__The data__:
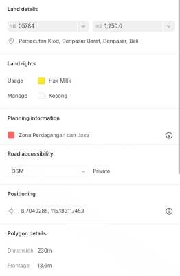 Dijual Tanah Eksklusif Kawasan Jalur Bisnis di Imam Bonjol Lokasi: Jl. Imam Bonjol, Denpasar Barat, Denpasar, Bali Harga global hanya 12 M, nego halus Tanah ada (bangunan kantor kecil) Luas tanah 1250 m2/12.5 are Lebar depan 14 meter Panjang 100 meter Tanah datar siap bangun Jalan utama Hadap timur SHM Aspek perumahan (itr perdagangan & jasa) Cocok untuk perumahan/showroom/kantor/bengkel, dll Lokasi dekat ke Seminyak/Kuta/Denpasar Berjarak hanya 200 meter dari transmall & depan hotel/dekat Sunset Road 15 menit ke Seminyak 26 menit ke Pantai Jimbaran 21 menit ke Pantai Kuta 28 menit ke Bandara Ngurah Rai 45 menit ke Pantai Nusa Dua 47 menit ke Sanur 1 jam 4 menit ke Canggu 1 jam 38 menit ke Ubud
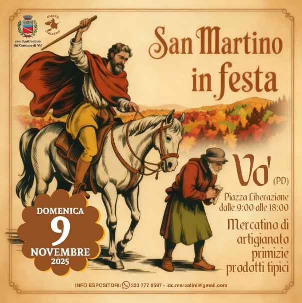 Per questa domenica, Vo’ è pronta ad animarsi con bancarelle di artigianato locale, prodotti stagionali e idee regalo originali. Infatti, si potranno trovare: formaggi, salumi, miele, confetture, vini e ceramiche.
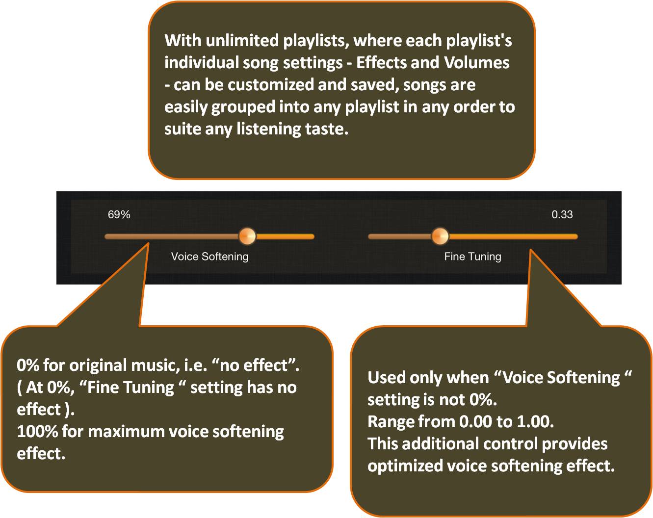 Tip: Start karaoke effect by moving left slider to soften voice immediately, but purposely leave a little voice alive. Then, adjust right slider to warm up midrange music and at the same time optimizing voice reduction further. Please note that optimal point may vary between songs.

__Task brief__: Retype the listing exactly. Pictures do not belong in the copy.

__Written solution__:
 Dijual Tanah Eksklusif Kawasan Jalur Bisnis di Imam Bonjol Lokasi: Jl. Imam Bonjol, Denpasar Barat, Denpasar, Bali Harga global hanya 12 M, nego halus Tanah ada (bangunan kantor kecil) Luas tanah 1250 m2/12.5 are Lebar depan 14 meter Panjang 100 meter Tanah datar siap bangun Jalan utama Hadap timur SHM Aspek perumahan (itr perdagangan & jasa) Cocok untuk perumahan/showroom/kantor/bengkel, dll Lokasi dekat ke Seminyak/Kuta/Denpasar Berjarak hanya 200 meter dari transmall & depan hotel/dekat Sunset Road 15 menit ke Seminyak 26 menit ke Pantai Jimbaran 21 menit ke Pantai Kuta 28 menit ke Bandara Ngurah Rai 45 menit ke Pantai Nusa Dua 47 menit ke Sanur 1 jam 4 menit ke Canggu 1 jam 38 menit ke Ubud
 Per questa domenica, Vo’ è pronta ad animarsi con bancarelle di artigianato locale, prodotti stagionali e idee regalo originali. Infatti, si potranno trovare: formaggi, salumi, miele, confetture, vini e ceramiche.
 Tip: Start karaoke effect by moving left slider to soften voice immediately, but purposely leave a little voice alive. Then, adjust right slider to warm up midrange music and at the same time optimizing voice reduction further. Please note that optimal point may vary between songs.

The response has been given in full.